Intervention: The main component of the intervention is a professional development module that explains and demonstrates various active learning behaviors to teachers. This module will describe the characteristics of overt activities associated with each level of engagement and give teachers examples of recommended practical procedures that can be adopted to enrich their classroom and homework activities.

Research Design and Methods: To build this module, the research team has already differentiated and classified students' overt activities into four levels of engagement: passive, active, constructive, and interactive. The research team will collaborate with teachers to develop and refine an online module that explains the different levels of student engagement to teachers, with a focus on overt behavior. Four iterations of the module will be evaluated in different academic settings and student populations. In each iteration, after teachers complete the module, they will improve a learning activity of their choice and use it in some of their classrooms.

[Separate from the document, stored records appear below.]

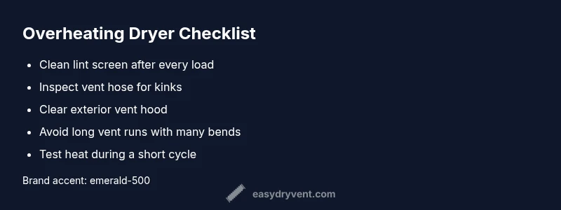 This section provides a practical, structured path to find the cause of overheating. Start with the symptom: is the dryer hot to the touch after a normal cycle, does it run longer than usual, or does it cut off early? Map symptoms to probable causes: lint or vent blockage, excessive load, faulty cycling thermostat, or a failing heating element. Then select a first-line fix and test. If the symptom persists after cleaning the lint screen and vent, move to the next potential cause. This flow keeps you focused on airflow first (the most common and most correctable issue), then on components. Easy DryVent emphasizes documenting each step so you can communicate clearly with a repair technician if needed. Throughout, safety remains the top priority and any uncertain electrical fault should be handled by a professional.
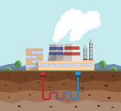 Produkcja przemysłowa, budowa ziemi tło. Fabryka w płaski.
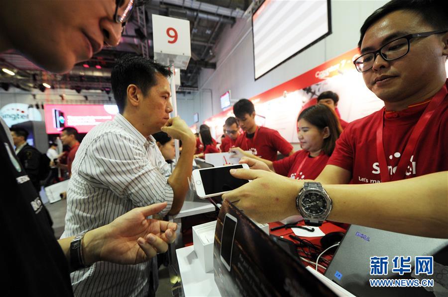 9月16日,在新加坡金沙展覽中心,顧客在檢查蘋果手機。 當日,蘋果手機iPhone7和iPhone7 Plus在新加坡開始發售。新華社發(鄧智煒攝) [詳情]
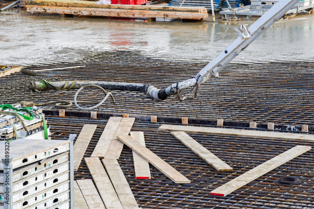Pouring cement to make reinforced concrete over rebar on a working construction site during a new building project
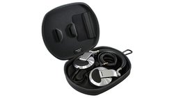 ヘッドホンの着脱式ケーブルを取り付けたまま収納できるデザインのため素早く取り出せるほか、プラグアダプターなどの小物を収納できるメッシュポケットを同梱。外装には滑りにくい合成皮革素材を採用。片手でも取り扱いやすく、フライトケースやレコードバッグにもすっきりと収納できるスリムで丸みを帯びたフォルムにデザインされている。
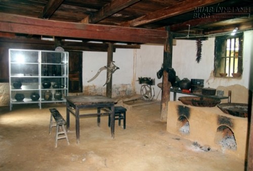 Tôi quay xe để đi xuống một con dốc nhỏ theo sự hướng dẫn của cô sơn nữ. Trên đường vào, những ngôi nhà lụp sụp hai bên đường khác hẳn với vẻ tráng lệ của biệt thự Nhà Vương. Đi qua một khu chợ, vài chủ quán đon đả chào mời khách mua quà lưu niệm và những tảng mật ong đá "đặc sản" của Hà Giang. Phải đến khi bước lên từng bậc thang, vào sát cổng chính chúng tôi mới dám chắc, mình đã lạc bước vào ngôi nhà đẹp nhất cao nguyên đá Đồng Văn.
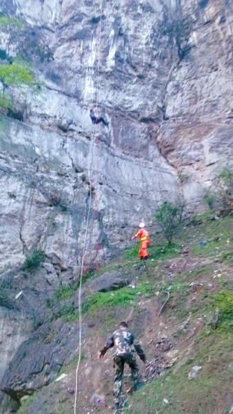 叙永消防中队接警后,赶赴现场。消防队员对现场地形地势进行预判之后,决定悬空救人。“他距离悬崖上部比较近,但悬崖上全是乱石。”叙永消防中队副中队长石力介绍,消防人员从上部救人担心碎石滚落砸伤小伙。鉴于小伙具备速降的技能,消防人员从悬崖顶部先放置一根安全绳,保证小伙安全。再放一根固定扎实的主绳,小伙通过主绳慢慢滑下。在消防队员和“院 长”的密切配合下,被困3个多小时后,小伙成功着地。

Control Condition: In evaluating different iterations of the module, the teachers will designate one out of every two sections of the same class as the control group. The teacher will assign "non-improved" learning activities to the control group.

Key Measures: Students' test scores, their generated work sheets, and in-class observations of teachers and students will be collected and assessed to evaluate the effectiveness of the modified activities. Exam questions already in existence will be selected for pre- and post-tests. Questions to evaluate deep learning that focus on understanding and synthesis of information, may be added as needed. Products from students' activities will also be collected and scored, to validate that they are undertaking the assigned activities.

Data Analytic Strategy: Scores on multiple-choice pre- and post-tests for different content will be standardized to place scores on a common, comparable metric. Multilevel models will be used for investigation of the effects of level of engagement in aggregate, pooling across variability due to differences between teachers and content areas. Multilevel modeling will also allow investigation of whether the effects of level of engagement vary by teacher or by content area. Qualitative data, such as observations of student behavior during learning activities and written products of learning activities, will also be coded and analyzed using developed guidelines.

Publications

Book chapter

Chi, M. T. H., & Menekse, M. (2015). Dialogue Patterns in Peer Collaboration That Promote Learning. Socializing Intelligence Through Academic Talk and Dialogue . American Educational Research Association.

Journal article, monograph, or newsletter

Chi, M.T.H., and VanLehn, K.A. (2012). Seeing Deep Structure From the Interactions of Surface Features. Educational Psychologist, 47(3): 177–188.

Chi, M.T.H., and Wylie, R. (2014). The ICAP Framework: Linking Cognitive Engagement to Active Learning Outcomes. Educational Psychologist, 49(4): 219–243.

Menekse, M., Stump, G. S., Krause, S., & Chi, M. T. H. (2013). Differentiated Overt Learning Activities for Effective Instruction in Engineering Classrooms. Journal of Engineering Education, 102(3): 346–374.